EXERCISE PROMPT >> Restate the listing word for word. Stop at the line that holds "②14分钟:南村东线路→金山大道中路→番禺大道北", include it, and leave out all pictures.

DATA FOR REVIEW >>
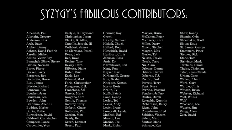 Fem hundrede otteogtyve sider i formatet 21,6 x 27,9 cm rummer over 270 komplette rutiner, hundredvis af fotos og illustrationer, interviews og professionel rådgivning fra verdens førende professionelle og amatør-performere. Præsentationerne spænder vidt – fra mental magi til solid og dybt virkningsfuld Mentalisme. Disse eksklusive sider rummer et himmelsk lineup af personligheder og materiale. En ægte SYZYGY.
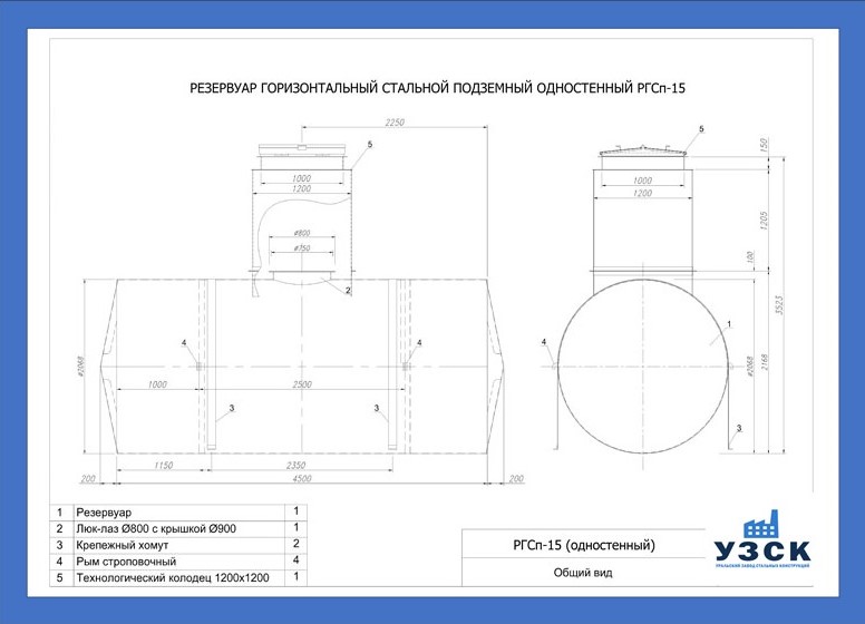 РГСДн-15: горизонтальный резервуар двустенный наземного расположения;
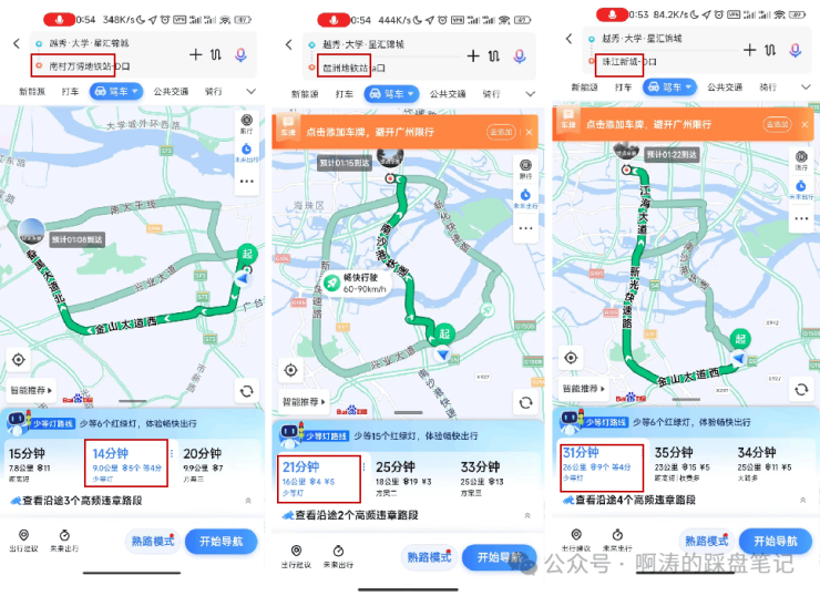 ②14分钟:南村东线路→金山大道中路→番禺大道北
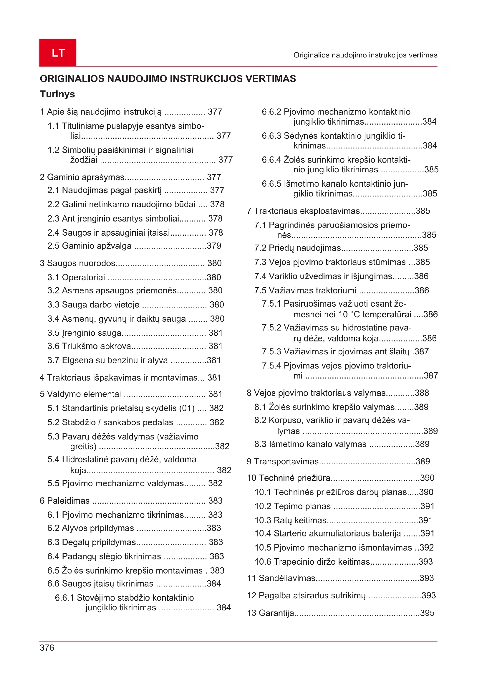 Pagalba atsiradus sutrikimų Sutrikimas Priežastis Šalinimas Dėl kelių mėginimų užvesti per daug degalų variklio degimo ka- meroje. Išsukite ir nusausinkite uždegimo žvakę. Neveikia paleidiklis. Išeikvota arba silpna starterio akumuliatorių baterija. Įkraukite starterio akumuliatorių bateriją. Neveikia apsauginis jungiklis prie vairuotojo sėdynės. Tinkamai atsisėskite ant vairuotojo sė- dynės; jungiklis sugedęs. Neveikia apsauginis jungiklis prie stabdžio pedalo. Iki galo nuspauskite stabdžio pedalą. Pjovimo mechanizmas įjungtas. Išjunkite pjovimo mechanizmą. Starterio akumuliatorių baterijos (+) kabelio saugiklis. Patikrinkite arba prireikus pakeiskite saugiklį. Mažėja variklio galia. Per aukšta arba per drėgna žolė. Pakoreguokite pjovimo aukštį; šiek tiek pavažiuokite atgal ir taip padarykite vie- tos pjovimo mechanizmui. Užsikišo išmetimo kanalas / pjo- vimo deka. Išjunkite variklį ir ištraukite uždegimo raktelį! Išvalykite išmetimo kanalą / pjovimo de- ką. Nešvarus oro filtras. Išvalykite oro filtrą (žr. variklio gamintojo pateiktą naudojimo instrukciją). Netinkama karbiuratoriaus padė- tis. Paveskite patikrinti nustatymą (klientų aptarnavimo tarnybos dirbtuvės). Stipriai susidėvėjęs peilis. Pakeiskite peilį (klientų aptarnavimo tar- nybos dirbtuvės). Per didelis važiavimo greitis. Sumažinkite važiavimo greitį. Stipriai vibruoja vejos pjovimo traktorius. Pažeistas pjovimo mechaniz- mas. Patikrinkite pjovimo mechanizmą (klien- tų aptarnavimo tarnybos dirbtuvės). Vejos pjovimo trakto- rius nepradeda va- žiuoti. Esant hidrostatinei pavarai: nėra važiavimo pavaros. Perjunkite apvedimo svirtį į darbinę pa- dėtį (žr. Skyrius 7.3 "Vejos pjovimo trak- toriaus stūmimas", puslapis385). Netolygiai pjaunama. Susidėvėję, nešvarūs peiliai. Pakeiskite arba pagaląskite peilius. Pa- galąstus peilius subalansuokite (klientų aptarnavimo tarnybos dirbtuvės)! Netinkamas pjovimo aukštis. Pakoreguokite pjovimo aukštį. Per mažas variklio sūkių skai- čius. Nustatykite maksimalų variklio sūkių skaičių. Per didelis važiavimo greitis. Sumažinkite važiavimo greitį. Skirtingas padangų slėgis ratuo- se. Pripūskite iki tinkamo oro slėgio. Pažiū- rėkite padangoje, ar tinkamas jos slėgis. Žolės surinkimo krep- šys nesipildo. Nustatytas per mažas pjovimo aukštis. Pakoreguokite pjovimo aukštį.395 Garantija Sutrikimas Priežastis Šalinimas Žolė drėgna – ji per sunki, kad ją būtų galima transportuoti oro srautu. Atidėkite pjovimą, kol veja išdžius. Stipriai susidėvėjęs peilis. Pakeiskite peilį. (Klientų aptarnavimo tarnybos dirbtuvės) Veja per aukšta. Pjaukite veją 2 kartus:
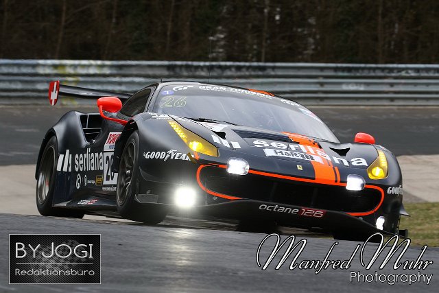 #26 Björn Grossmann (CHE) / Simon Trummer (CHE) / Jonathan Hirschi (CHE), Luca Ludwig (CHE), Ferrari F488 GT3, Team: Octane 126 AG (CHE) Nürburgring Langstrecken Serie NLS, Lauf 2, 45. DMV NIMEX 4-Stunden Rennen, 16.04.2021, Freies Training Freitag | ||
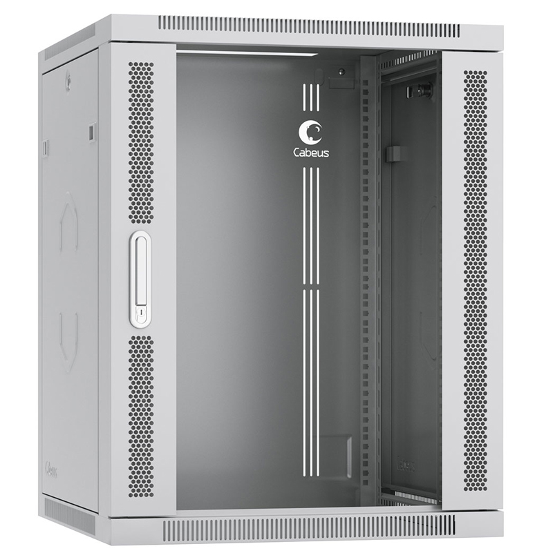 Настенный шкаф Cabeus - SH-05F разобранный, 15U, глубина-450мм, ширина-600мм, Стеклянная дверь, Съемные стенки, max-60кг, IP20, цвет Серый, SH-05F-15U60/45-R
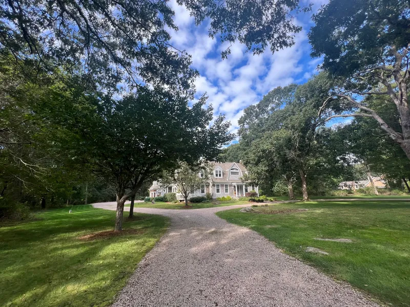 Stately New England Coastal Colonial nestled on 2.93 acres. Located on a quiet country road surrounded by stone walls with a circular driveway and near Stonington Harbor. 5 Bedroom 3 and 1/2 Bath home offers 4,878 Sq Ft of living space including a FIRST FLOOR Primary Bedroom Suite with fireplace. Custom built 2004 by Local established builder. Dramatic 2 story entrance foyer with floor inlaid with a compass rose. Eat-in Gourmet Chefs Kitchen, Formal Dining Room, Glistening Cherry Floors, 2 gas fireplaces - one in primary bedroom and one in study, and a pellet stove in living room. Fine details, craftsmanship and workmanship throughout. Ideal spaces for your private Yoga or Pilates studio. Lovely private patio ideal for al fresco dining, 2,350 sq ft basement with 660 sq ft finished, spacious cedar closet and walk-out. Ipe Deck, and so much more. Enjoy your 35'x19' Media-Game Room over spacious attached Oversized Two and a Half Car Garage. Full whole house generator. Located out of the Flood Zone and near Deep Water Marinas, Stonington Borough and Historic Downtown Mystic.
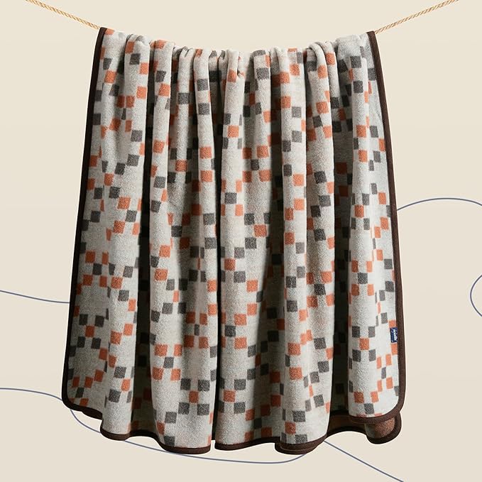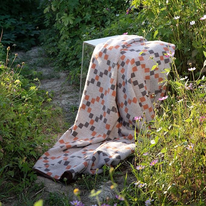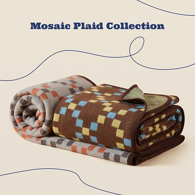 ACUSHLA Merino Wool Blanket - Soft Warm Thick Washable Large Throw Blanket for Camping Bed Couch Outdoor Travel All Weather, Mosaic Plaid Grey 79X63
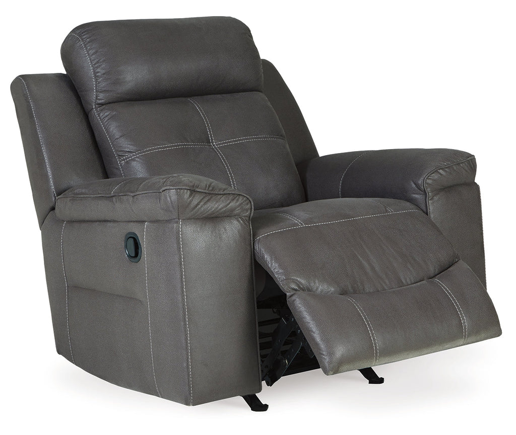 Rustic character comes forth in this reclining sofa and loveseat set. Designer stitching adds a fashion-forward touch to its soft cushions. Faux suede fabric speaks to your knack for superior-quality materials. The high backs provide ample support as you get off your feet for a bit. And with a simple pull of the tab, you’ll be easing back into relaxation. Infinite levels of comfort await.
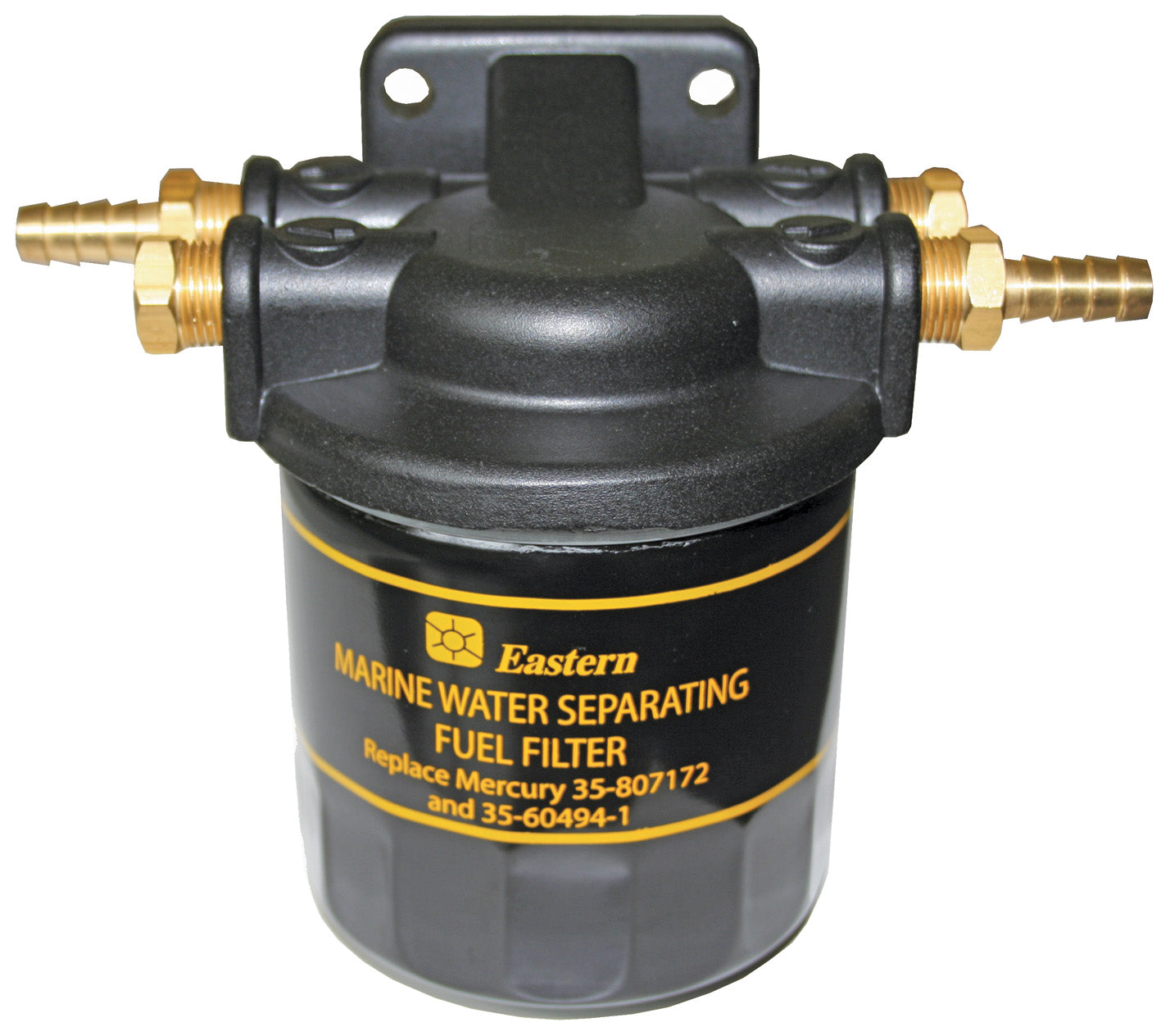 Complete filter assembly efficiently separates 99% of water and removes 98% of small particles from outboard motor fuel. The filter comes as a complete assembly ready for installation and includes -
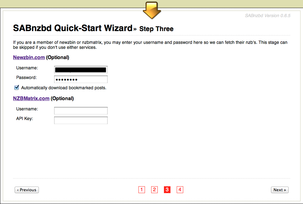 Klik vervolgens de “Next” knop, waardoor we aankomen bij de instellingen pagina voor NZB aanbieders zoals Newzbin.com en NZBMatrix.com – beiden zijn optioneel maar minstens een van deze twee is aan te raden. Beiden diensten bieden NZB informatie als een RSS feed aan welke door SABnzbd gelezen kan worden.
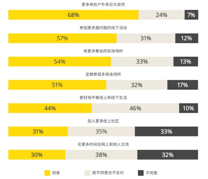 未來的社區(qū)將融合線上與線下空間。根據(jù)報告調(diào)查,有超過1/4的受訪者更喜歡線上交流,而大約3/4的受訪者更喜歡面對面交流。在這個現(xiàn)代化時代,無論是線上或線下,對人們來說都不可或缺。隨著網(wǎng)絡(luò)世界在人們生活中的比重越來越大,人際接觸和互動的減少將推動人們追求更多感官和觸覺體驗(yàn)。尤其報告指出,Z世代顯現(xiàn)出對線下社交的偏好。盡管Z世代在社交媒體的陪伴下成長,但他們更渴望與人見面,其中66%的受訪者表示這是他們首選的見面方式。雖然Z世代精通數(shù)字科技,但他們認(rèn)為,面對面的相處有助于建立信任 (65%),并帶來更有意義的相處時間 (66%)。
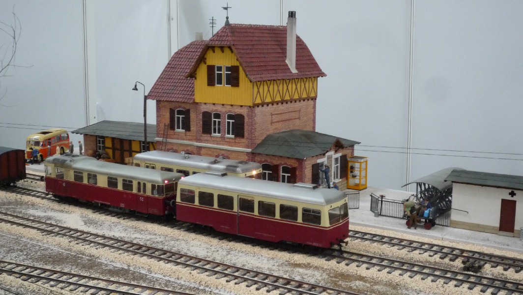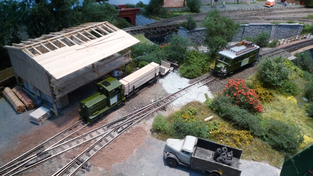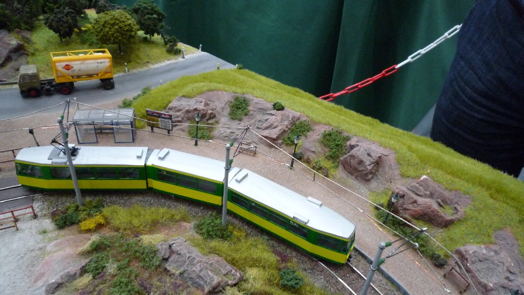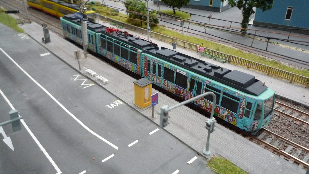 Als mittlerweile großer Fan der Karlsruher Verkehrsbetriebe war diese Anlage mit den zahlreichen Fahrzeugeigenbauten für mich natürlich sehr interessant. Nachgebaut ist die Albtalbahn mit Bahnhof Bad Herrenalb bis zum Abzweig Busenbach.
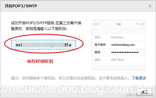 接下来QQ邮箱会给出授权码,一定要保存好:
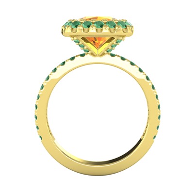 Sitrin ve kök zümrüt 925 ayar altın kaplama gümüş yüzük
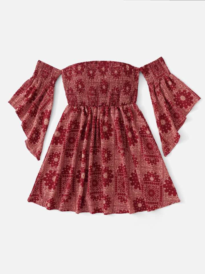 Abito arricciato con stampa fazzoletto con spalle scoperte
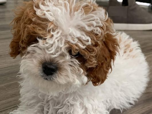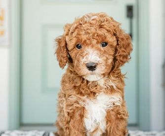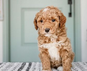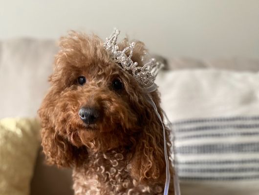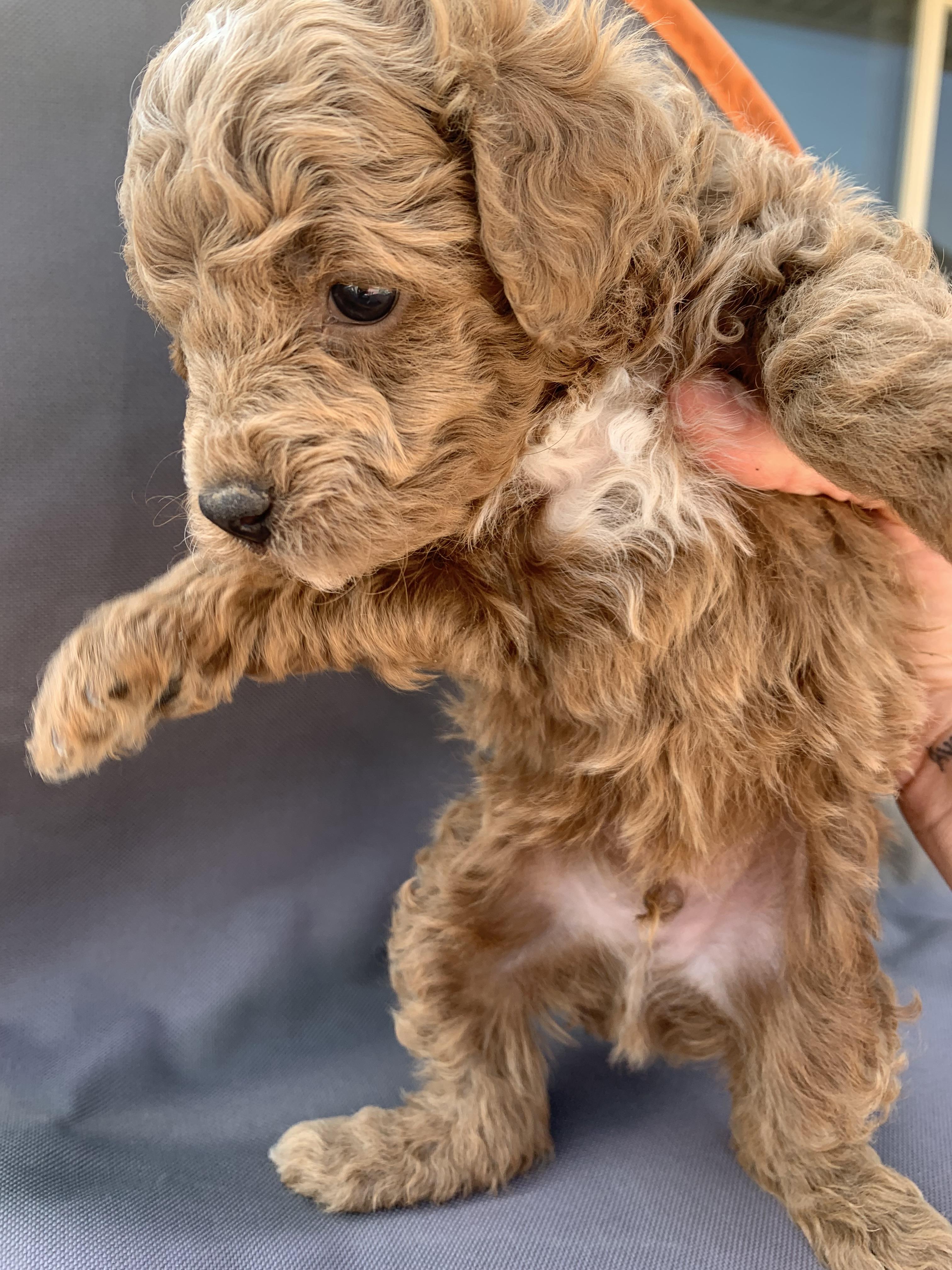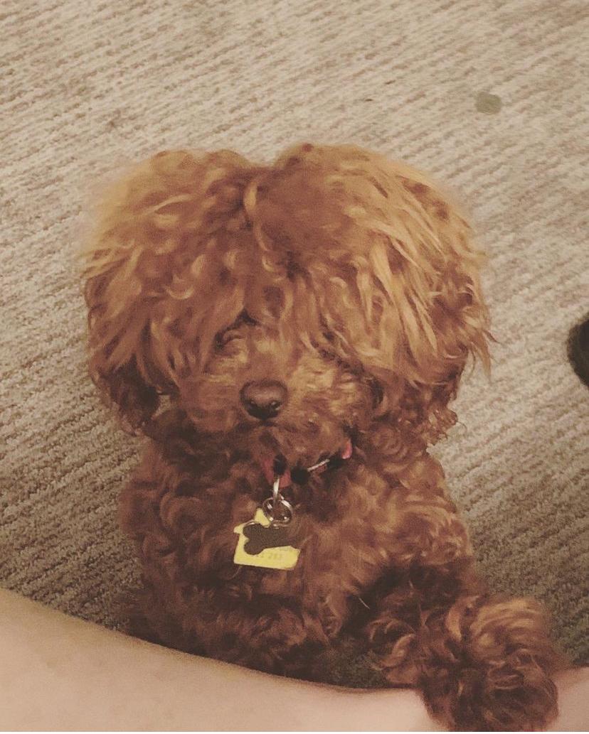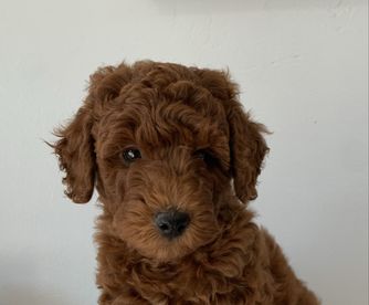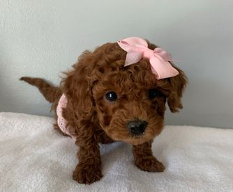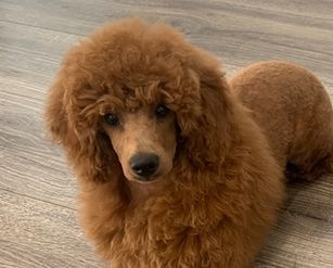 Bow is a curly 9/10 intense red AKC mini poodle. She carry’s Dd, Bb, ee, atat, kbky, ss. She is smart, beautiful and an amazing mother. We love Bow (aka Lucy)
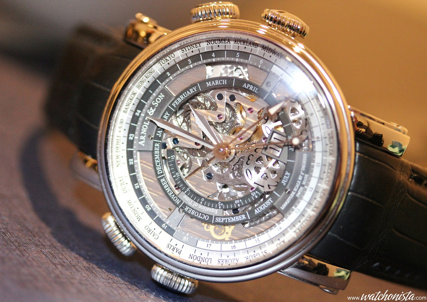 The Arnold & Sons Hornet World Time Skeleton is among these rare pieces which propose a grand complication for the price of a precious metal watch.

WRITTEN SOLUTION >>
 Fem hundrede otteogtyve sider i formatet 21,6 x 27,9 cm rummer over 270 komplette rutiner, hundredvis af fotos og illustrationer, interviews og professionel rådgivning fra verdens førende professionelle og amatør-performere. Præsentationerne spænder vidt – fra mental magi til solid og dybt virkningsfuld Mentalisme. Disse eksklusive sider rummer et himmelsk lineup af personligheder og materiale. En ægte SYZYGY.
 РГСДн-15: горизонтальный резервуар двустенный наземного расположения;
 ②14分钟:南村东线路→金山大道中路→番禺大道北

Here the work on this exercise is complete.